■ **What needs to be done**
Among the entries below, find the line with "Lace Turquoise Maternity" and the line with "9 August 2024;". Return exactly those lines and every line between them, but no pictures.

■ **Input material**
--------------------------------------------------
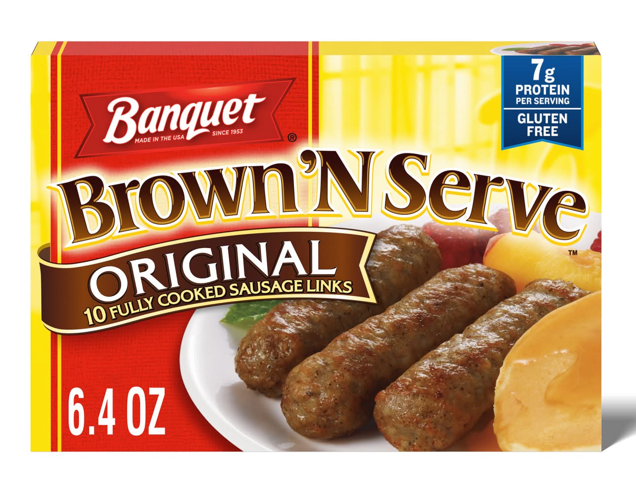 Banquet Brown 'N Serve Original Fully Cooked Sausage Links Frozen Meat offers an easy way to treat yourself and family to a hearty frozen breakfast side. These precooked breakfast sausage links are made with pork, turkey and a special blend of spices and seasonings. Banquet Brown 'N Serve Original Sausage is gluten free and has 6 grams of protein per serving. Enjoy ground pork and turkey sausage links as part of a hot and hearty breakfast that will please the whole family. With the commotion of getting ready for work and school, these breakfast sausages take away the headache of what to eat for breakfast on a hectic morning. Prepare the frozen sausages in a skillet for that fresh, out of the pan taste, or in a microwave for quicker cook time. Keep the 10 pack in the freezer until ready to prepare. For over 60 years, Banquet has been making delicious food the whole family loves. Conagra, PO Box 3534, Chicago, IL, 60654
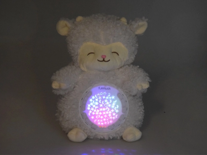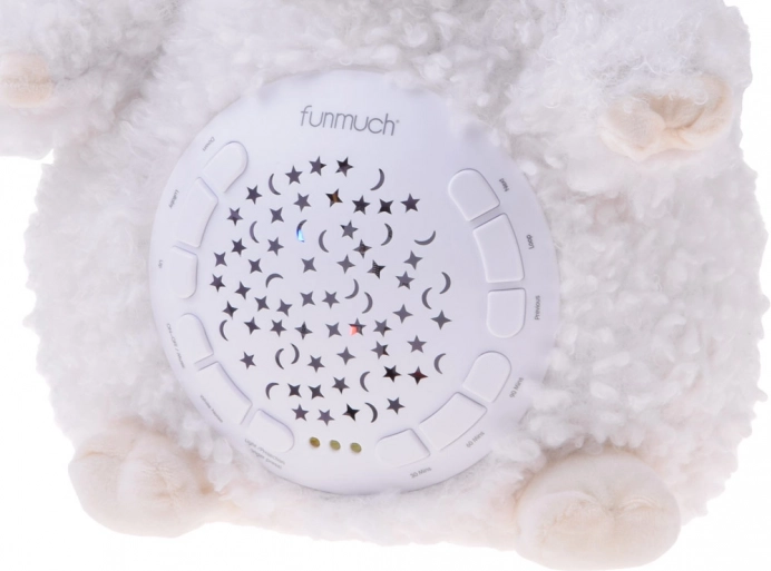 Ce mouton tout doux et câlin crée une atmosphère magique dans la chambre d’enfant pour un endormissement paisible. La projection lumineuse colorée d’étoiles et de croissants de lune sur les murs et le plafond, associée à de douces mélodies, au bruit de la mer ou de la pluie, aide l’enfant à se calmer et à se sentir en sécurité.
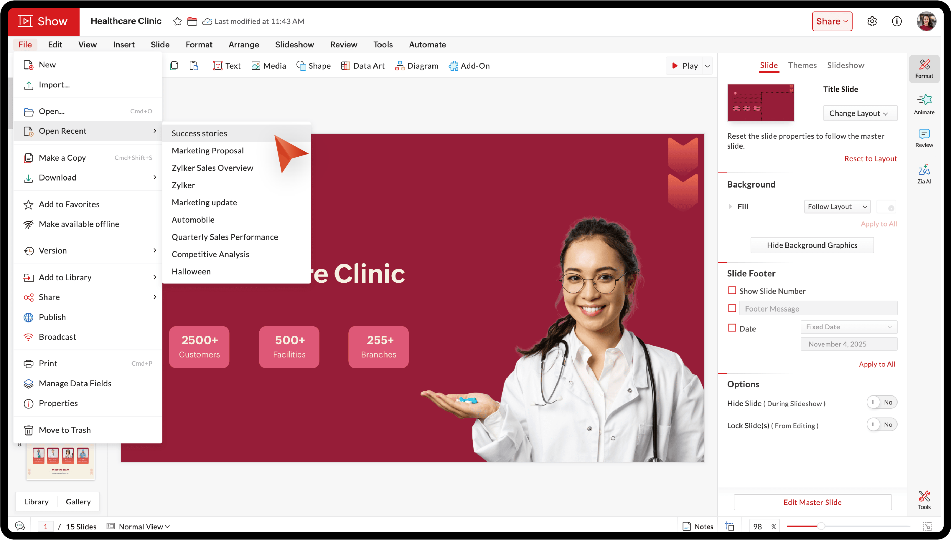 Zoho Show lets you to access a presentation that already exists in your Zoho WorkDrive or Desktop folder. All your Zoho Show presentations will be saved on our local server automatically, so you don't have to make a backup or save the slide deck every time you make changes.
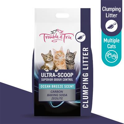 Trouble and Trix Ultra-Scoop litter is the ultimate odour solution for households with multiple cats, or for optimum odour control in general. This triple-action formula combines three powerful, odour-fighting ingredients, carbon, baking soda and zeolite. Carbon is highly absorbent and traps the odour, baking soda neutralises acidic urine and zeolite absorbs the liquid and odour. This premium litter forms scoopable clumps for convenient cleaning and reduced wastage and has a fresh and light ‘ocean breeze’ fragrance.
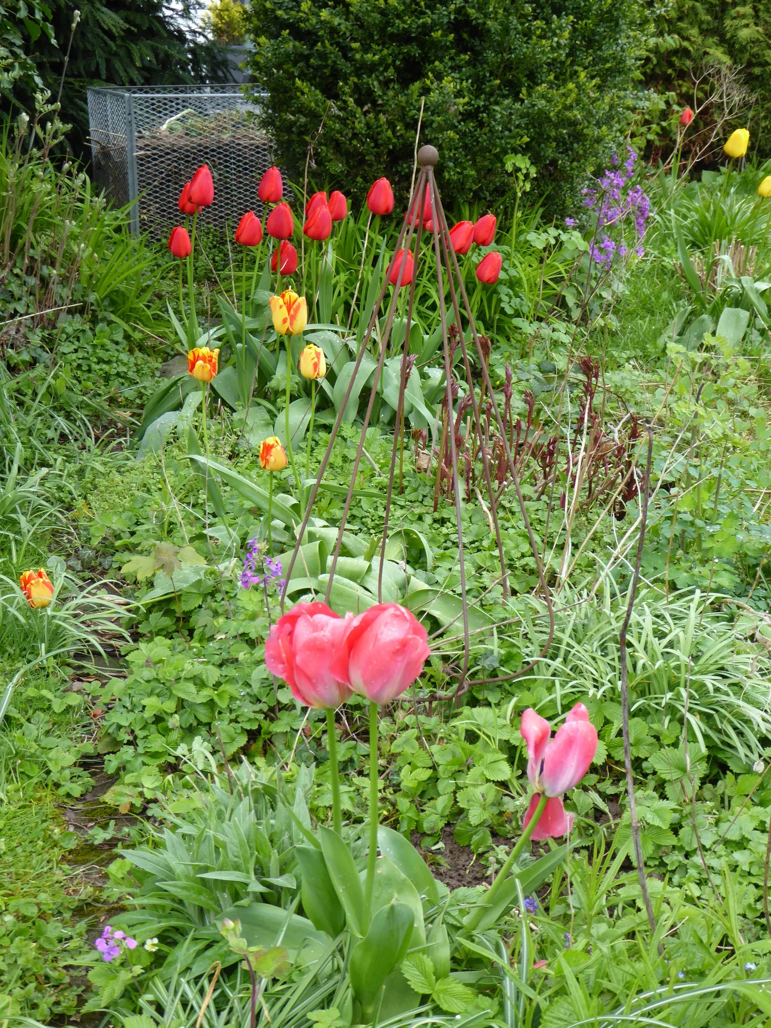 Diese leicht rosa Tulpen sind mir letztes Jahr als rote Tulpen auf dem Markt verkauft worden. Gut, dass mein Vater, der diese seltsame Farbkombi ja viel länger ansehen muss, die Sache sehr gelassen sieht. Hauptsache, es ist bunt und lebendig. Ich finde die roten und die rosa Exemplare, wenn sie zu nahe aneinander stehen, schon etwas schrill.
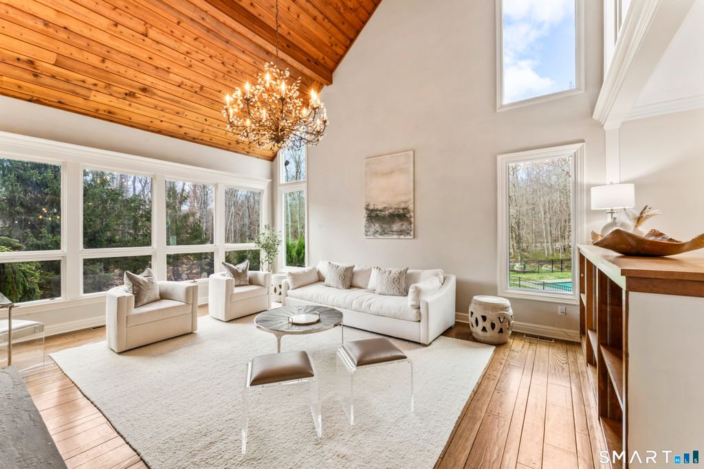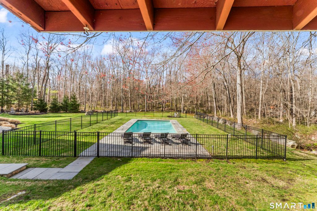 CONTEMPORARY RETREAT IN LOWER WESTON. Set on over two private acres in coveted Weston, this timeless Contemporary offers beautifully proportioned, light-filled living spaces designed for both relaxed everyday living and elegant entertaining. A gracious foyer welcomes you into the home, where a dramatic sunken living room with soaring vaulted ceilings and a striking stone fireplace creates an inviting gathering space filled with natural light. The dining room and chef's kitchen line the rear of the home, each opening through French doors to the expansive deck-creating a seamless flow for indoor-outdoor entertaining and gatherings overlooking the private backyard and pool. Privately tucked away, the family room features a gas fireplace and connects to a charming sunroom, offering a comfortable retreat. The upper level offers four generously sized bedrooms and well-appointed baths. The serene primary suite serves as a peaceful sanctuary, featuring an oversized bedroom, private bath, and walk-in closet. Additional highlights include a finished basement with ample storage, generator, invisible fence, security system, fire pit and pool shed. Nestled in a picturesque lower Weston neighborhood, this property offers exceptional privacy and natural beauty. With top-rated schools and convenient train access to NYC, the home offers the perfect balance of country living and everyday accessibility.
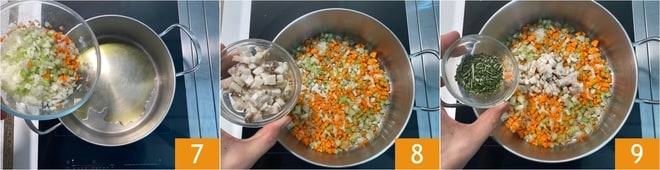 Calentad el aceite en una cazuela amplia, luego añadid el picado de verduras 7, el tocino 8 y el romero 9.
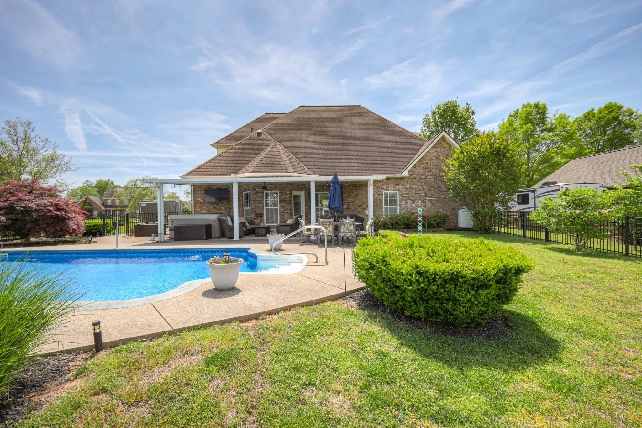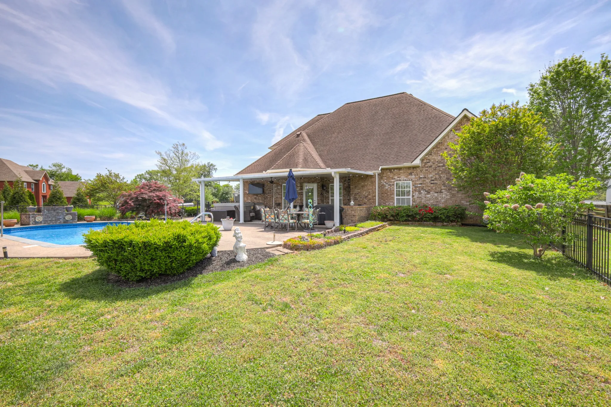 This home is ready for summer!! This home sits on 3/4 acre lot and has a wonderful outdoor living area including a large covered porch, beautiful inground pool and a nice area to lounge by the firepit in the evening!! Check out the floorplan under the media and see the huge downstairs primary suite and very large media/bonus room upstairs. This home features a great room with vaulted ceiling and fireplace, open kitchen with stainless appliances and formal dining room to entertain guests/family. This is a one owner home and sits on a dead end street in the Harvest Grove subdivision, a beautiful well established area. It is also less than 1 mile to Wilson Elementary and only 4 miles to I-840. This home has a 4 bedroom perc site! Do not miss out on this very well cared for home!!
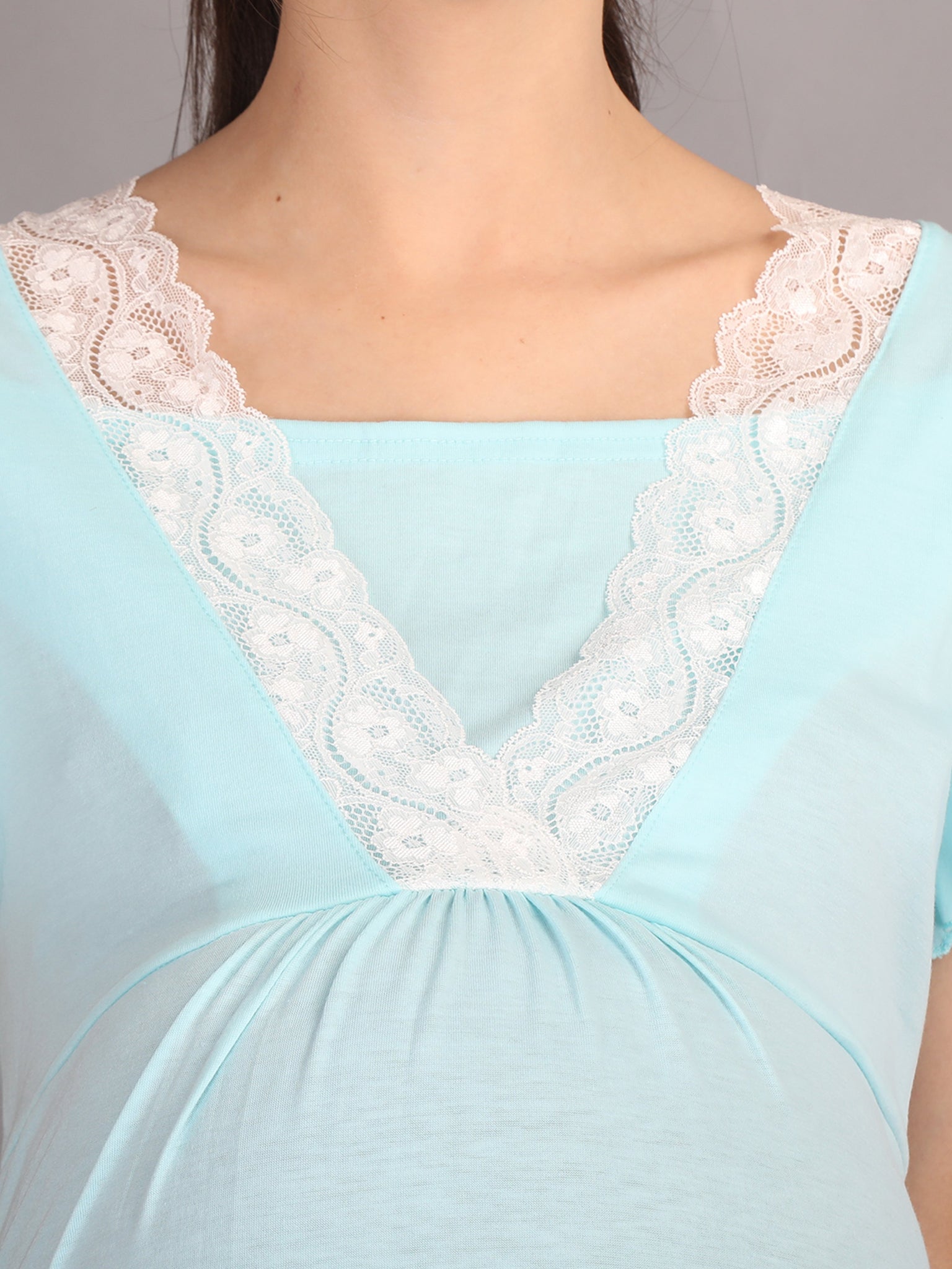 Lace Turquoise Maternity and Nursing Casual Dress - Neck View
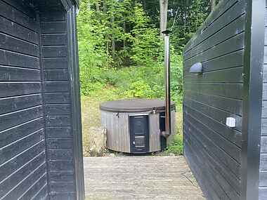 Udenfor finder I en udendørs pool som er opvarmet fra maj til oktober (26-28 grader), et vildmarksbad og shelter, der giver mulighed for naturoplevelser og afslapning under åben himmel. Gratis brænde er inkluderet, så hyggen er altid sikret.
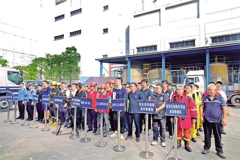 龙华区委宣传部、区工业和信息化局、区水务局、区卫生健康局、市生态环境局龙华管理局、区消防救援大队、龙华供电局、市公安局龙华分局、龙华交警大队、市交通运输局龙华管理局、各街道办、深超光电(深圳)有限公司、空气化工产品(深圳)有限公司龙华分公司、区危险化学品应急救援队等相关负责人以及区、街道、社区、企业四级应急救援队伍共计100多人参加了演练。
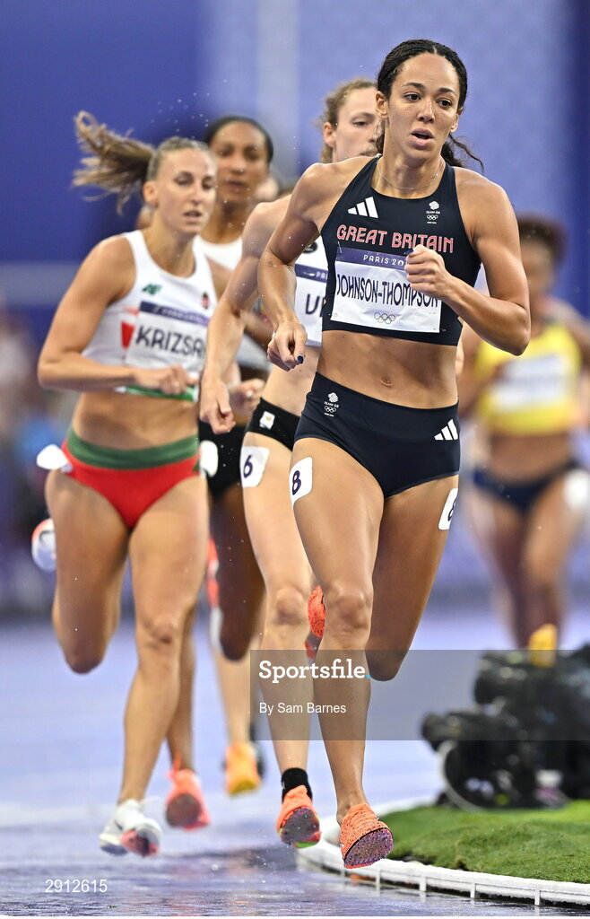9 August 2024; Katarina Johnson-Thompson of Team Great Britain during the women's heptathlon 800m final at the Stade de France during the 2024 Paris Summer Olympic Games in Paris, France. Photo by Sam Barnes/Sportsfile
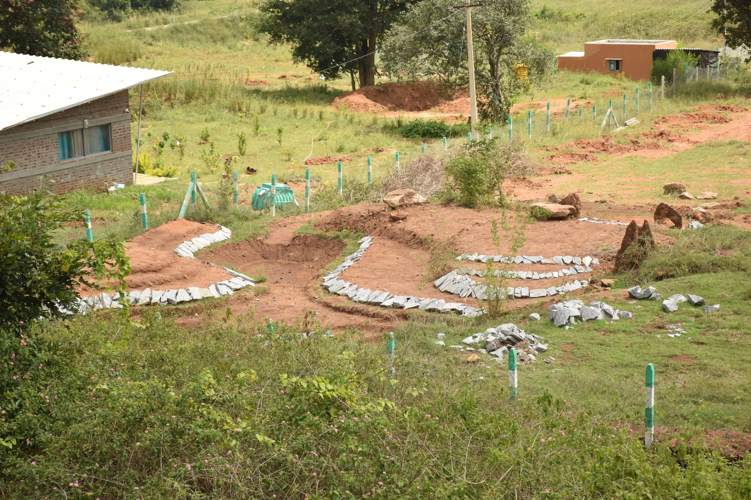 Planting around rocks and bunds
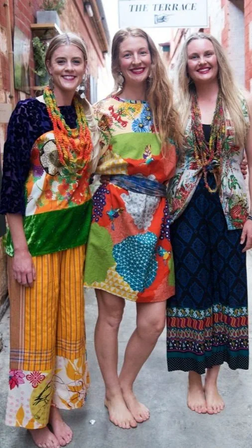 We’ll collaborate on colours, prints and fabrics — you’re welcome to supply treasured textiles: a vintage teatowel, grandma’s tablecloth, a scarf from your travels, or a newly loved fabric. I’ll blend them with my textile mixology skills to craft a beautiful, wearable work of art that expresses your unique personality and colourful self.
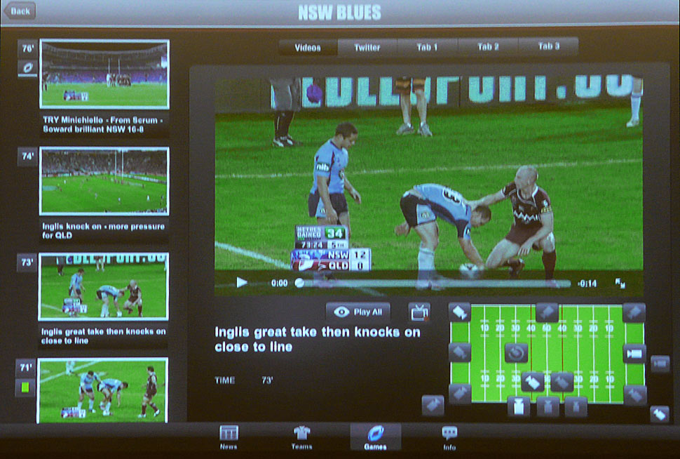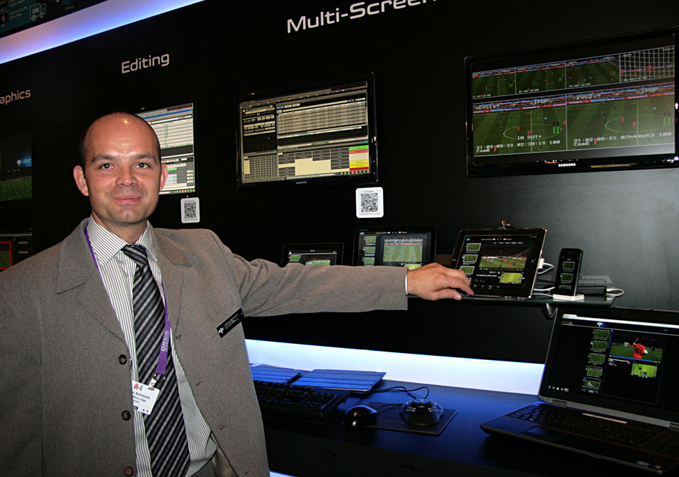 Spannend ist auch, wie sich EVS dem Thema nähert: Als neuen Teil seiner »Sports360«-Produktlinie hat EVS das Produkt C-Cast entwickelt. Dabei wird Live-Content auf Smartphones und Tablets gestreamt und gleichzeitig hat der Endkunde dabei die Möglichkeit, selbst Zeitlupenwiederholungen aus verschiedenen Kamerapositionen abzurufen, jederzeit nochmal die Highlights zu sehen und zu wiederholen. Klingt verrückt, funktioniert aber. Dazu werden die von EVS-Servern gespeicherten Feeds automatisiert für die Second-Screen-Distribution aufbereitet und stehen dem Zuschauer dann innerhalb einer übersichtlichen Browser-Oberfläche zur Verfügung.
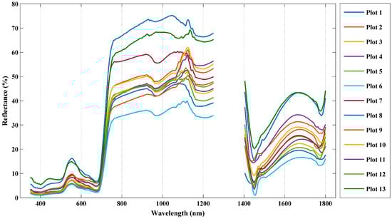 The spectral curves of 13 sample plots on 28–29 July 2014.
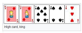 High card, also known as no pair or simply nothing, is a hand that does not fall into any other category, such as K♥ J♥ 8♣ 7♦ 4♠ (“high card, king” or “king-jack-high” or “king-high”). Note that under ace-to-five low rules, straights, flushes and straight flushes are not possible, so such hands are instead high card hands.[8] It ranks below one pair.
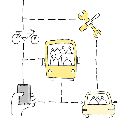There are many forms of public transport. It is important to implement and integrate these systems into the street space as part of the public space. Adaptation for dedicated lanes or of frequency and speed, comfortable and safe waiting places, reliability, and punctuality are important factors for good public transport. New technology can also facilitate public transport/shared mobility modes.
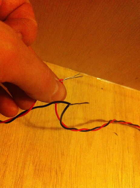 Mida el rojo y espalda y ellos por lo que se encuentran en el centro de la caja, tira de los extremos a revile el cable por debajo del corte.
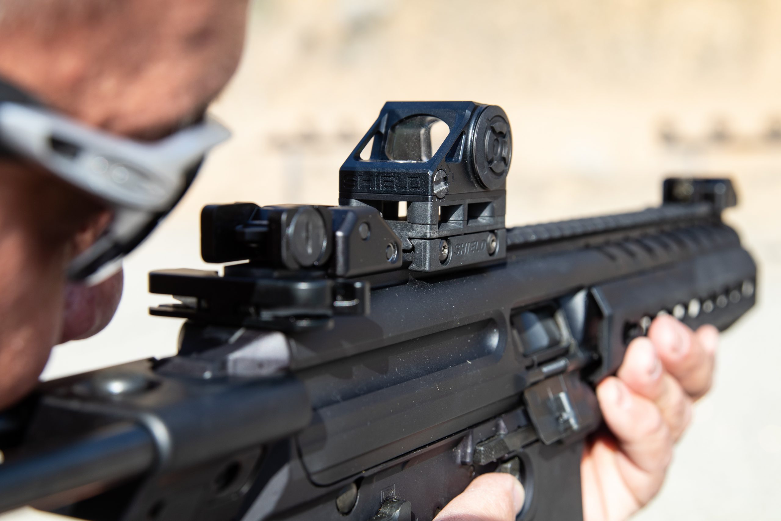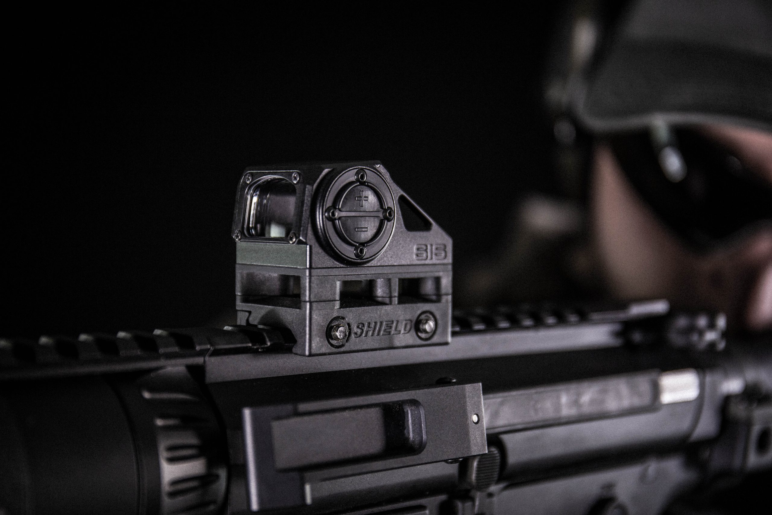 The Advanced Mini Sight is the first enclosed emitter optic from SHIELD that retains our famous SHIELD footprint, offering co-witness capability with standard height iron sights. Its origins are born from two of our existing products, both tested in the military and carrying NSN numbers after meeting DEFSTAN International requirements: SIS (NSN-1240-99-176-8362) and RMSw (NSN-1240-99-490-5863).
--------------------------------------------------
■ **Answer space**
 Lace Turquoise Maternity and Nursing Casual Dress - Neck View
 Udenfor finder I en udendørs pool som er opvarmet fra maj til oktober (26-28 grader), et vildmarksbad og shelter, der giver mulighed for naturoplevelser og afslapning under åben himmel. Gratis brænde er inkluderet, så hyggen er altid sikret.
 龙华区委宣传部、区工业和信息化局、区水务局、区卫生健康局、市生态环境局龙华管理局、区消防救援大队、龙华供电局、市公安局龙华分局、龙华交警大队、市交通运输局龙华管理局、各街道办、深超光电(深圳)有限公司、空气化工产品(深圳)有限公司龙华分公司、区危险化学品应急救援队等相关负责人以及区、街道、社区、企业四级应急救援队伍共计100多人参加了演练。
9 August 2024; Katarina Johnson-Thompson of Team Great Britain during the women's heptathlon 800m final at the Stade de France during the 2024 Paris Summer Olympic Games in Paris, France. Photo by Sam Barnes/Sportsfile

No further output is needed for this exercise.